**Work instruction:** Could you copy the data that follows exactly as written, but drop the pictures?

**Data segment:**

=====

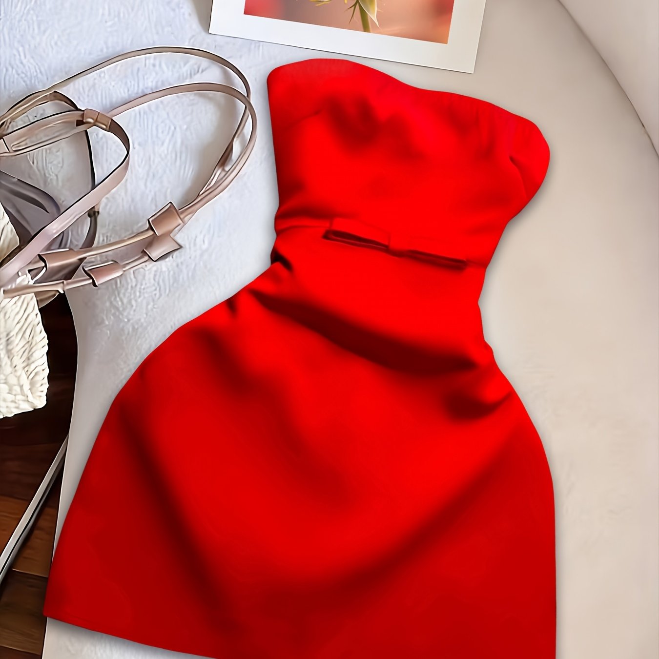TEMU 오프숄더 스트랩리스 미니 드레스, 리본 장식 | Y2K 스타일, 우아한 파티룩, 휴가, 파티, 외출, 크리스마스, 발렌타인데이, 홀리데이룩, 여성 의류
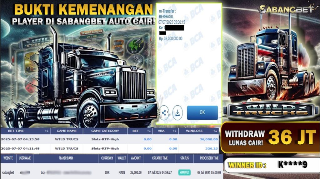 BUKTI KEMENANGAN 07 JULY 2025 DI GAME WILD TRUCS WD 36 JUTA
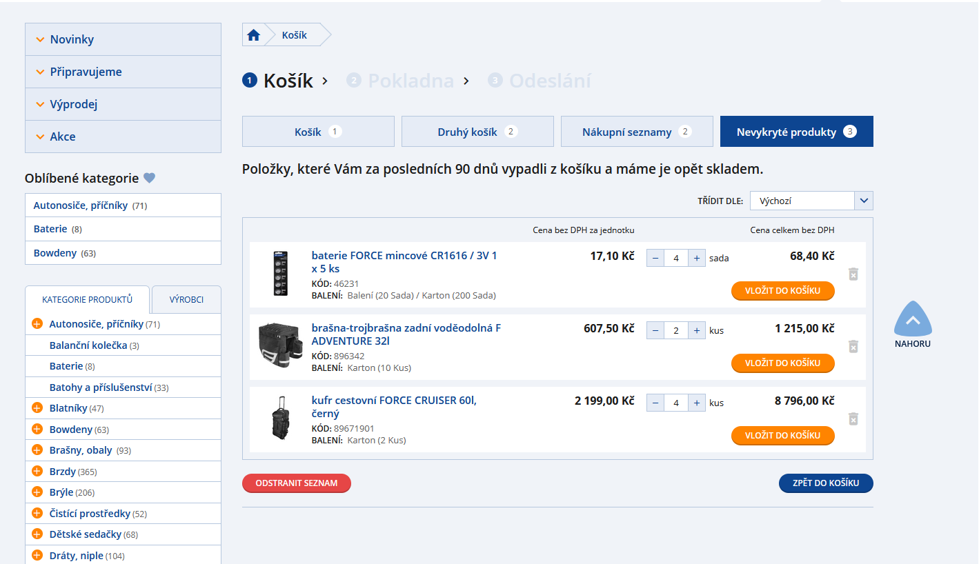 Stává se vám, že vám zboží z košíku zmizí dřív, než stihnete zboží objednat? Právě pro tyto případy jsme vymysleli záložku Nevykryté produkty. Najdete zde všechny položky, které vám za posledních 90 dní vypadly z košíku a jsou opět naskladněny. Nemusíte si tak toto zboží nikam zapisovat, my to uděláme za vás.

=====

**Written answer:**
TEMU 오프숄더 스트랩리스 미니 드레스, 리본 장식 | Y2K 스타일, 우아한 파티룩, 휴가, 파티, 외출, 크리스마스, 발렌타인데이, 홀리데이룩, 여성 의류
 BUKTI KEMENANGAN 07 JULY 2025 DI GAME WILD TRUCS WD 36 JUTA
 Stává se vám, že vám zboží z košíku zmizí dřív, než stihnete zboží objednat? Právě pro tyto případy jsme vymysleli záložku Nevykryté produkty. Najdete zde všechny položky, které vám za posledních 90 dní vypadly z košíku a jsou opět naskladněny. Nemusíte si tak toto zboží nikam zapisovat, my to uděláme za vás.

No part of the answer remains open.